→ **Input**
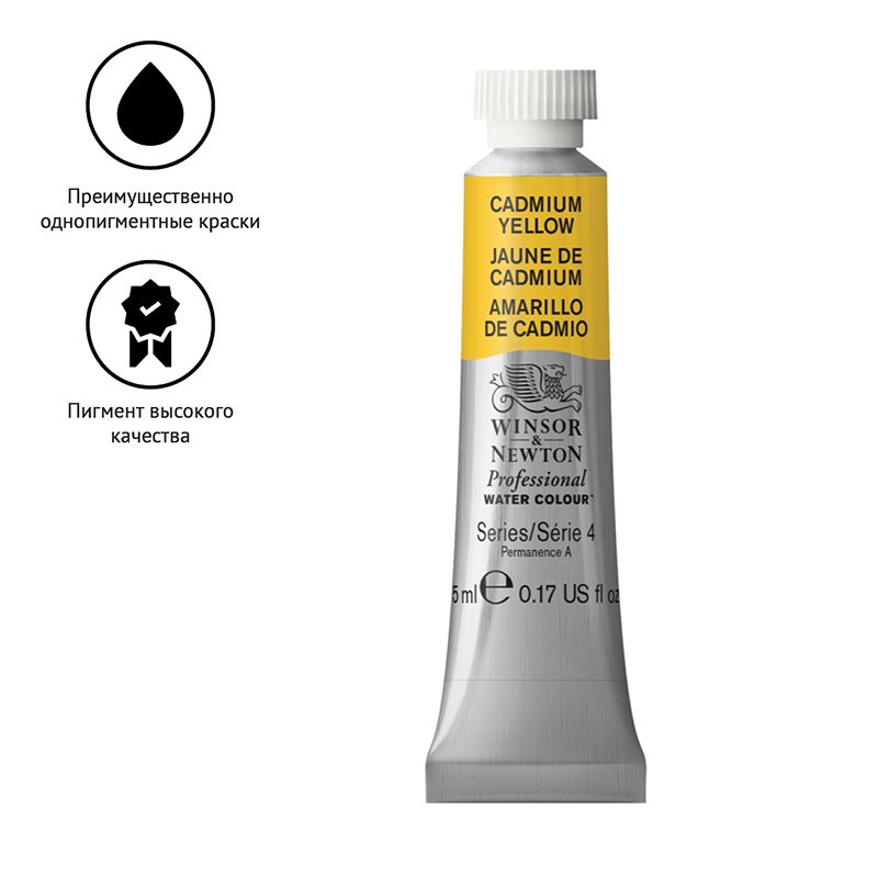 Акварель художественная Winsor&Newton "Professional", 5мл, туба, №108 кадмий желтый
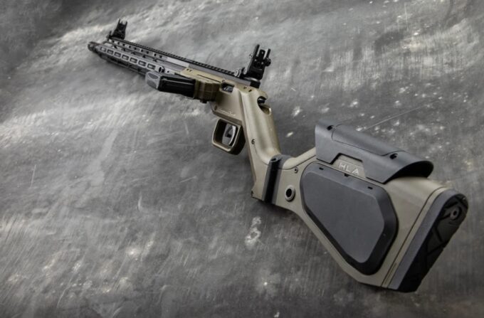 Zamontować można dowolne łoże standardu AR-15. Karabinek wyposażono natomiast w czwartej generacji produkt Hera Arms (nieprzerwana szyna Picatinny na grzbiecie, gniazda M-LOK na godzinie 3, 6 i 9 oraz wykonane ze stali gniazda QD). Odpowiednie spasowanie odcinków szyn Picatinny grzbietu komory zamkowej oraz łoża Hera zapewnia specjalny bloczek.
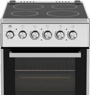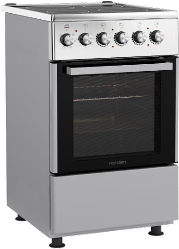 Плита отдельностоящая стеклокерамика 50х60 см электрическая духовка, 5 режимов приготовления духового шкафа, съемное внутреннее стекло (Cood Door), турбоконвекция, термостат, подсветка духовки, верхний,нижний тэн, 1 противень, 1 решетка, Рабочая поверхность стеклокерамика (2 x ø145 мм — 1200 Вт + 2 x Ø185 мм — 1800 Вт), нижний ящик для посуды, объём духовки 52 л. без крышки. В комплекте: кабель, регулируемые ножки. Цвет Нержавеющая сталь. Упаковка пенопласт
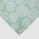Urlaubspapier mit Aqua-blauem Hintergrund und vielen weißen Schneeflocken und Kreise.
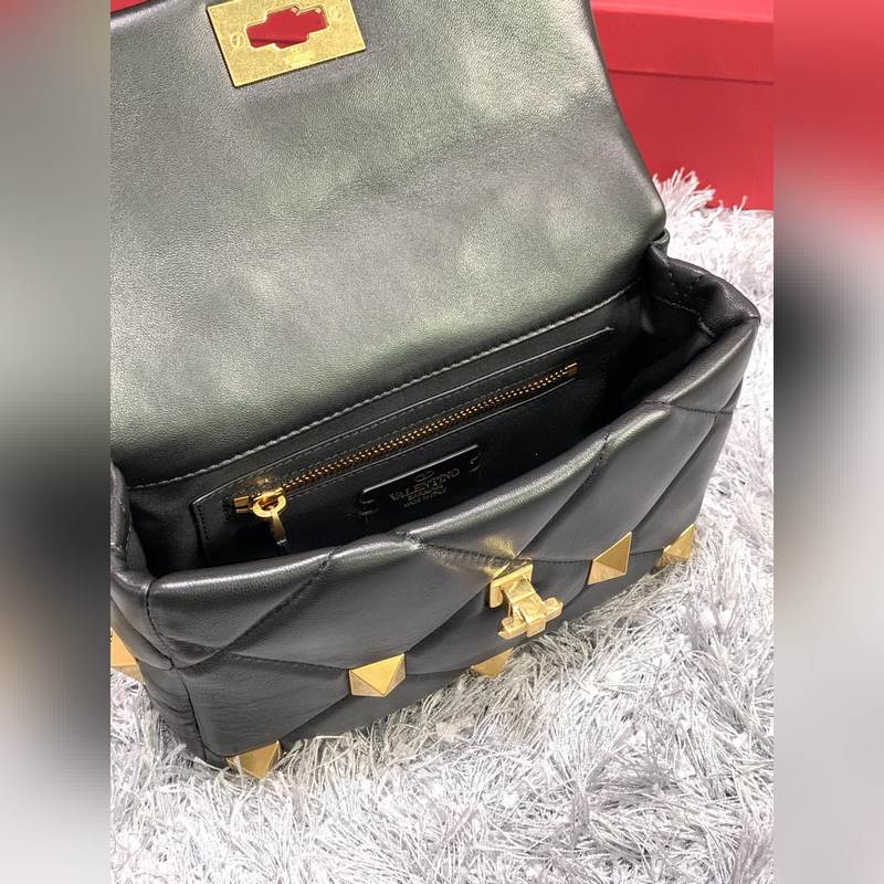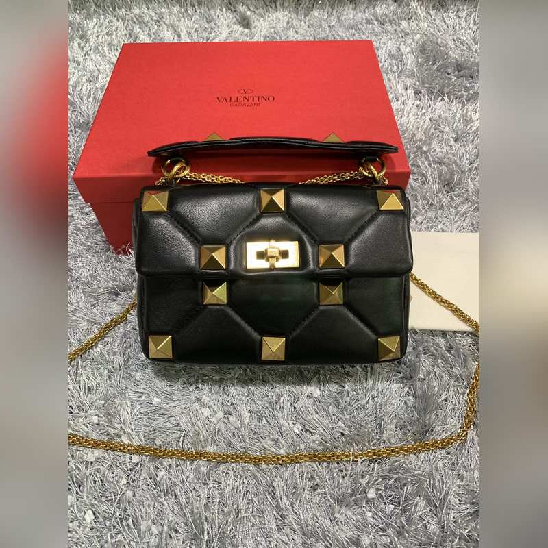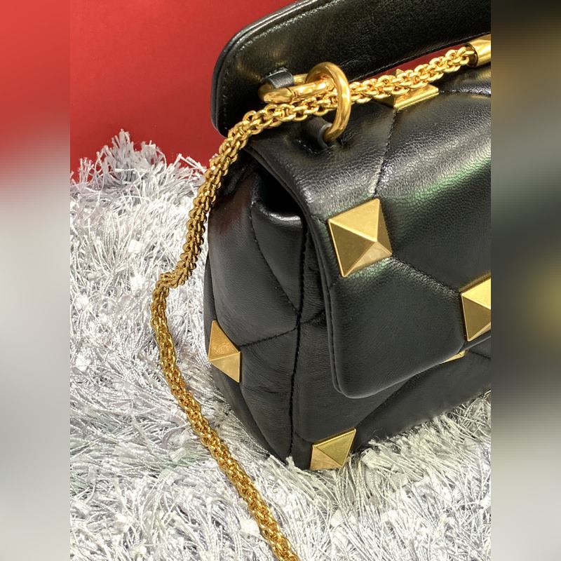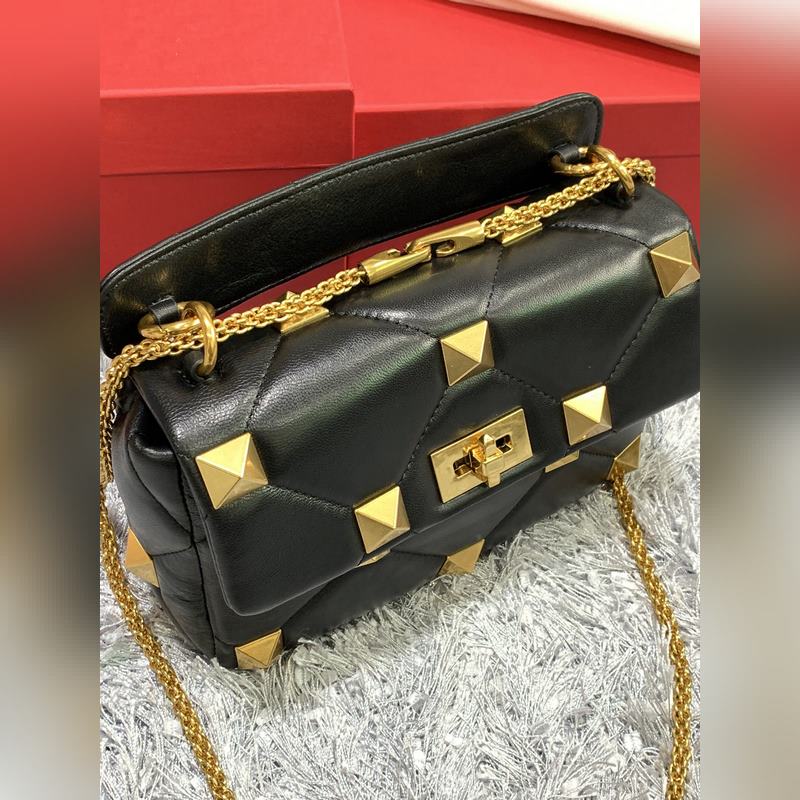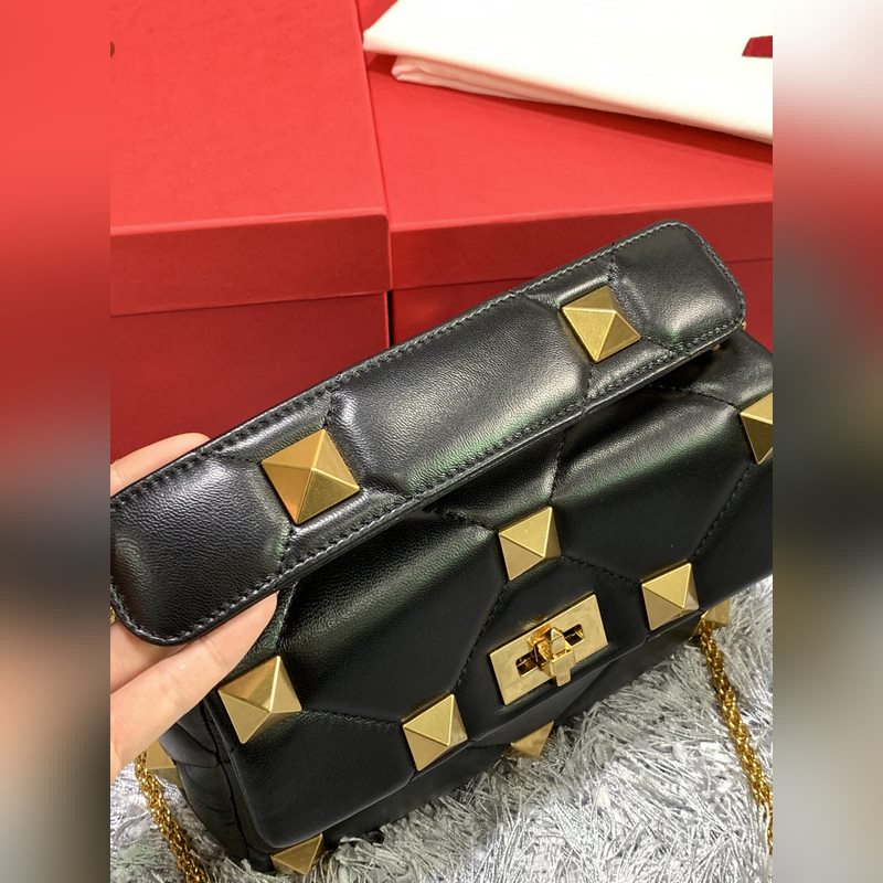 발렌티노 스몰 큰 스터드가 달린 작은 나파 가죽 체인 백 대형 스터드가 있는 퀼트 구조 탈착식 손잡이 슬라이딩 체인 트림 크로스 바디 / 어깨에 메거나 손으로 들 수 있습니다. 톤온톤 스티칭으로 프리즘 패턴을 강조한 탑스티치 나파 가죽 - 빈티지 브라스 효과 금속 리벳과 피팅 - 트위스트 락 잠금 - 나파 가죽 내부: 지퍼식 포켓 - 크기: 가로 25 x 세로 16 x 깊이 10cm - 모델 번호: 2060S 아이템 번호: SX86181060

→ **Exercise requirements**
Pictures are to be left out; please print the rest of the records above word for word.

→ **Answer section**
 Акварель художественная Winsor&Newton "Professional", 5мл, туба, №108 кадмий желтый
 Zamontować można dowolne łoże standardu AR-15. Karabinek wyposażono natomiast w czwartej generacji produkt Hera Arms (nieprzerwana szyna Picatinny na grzbiecie, gniazda M-LOK na godzinie 3, 6 i 9 oraz wykonane ze stali gniazda QD). Odpowiednie spasowanie odcinków szyn Picatinny grzbietu komory zamkowej oraz łoża Hera zapewnia specjalny bloczek.
 Плита отдельностоящая стеклокерамика 50х60 см электрическая духовка, 5 режимов приготовления духового шкафа, съемное внутреннее стекло (Cood Door), турбоконвекция, термостат, подсветка духовки, верхний,нижний тэн, 1 противень, 1 решетка, Рабочая поверхность стеклокерамика (2 x ø145 мм — 1200 Вт + 2 x Ø185 мм — 1800 Вт), нижний ящик для посуды, объём духовки 52 л. без крышки. В комплекте: кабель, регулируемые ножки. Цвет Нержавеющая сталь. Упаковка пенопласт
Urlaubspapier mit Aqua-blauem Hintergrund und vielen weißen Schneeflocken und Kreise.
 발렌티노 스몰 큰 스터드가 달린 작은 나파 가죽 체인 백 대형 스터드가 있는 퀼트 구조 탈착식 손잡이 슬라이딩 체인 트림 크로스 바디 / 어깨에 메거나 손으로 들 수 있습니다. 톤온톤 스티칭으로 프리즘 패턴을 강조한 탑스티치 나파 가죽 - 빈티지 브라스 효과 금속 리벳과 피팅 - 트위스트 락 잠금 - 나파 가죽 내부: 지퍼식 포켓 - 크기: 가로 25 x 세로 16 x 깊이 10cm - 모델 번호: 2060S 아이템 번호: SX86181060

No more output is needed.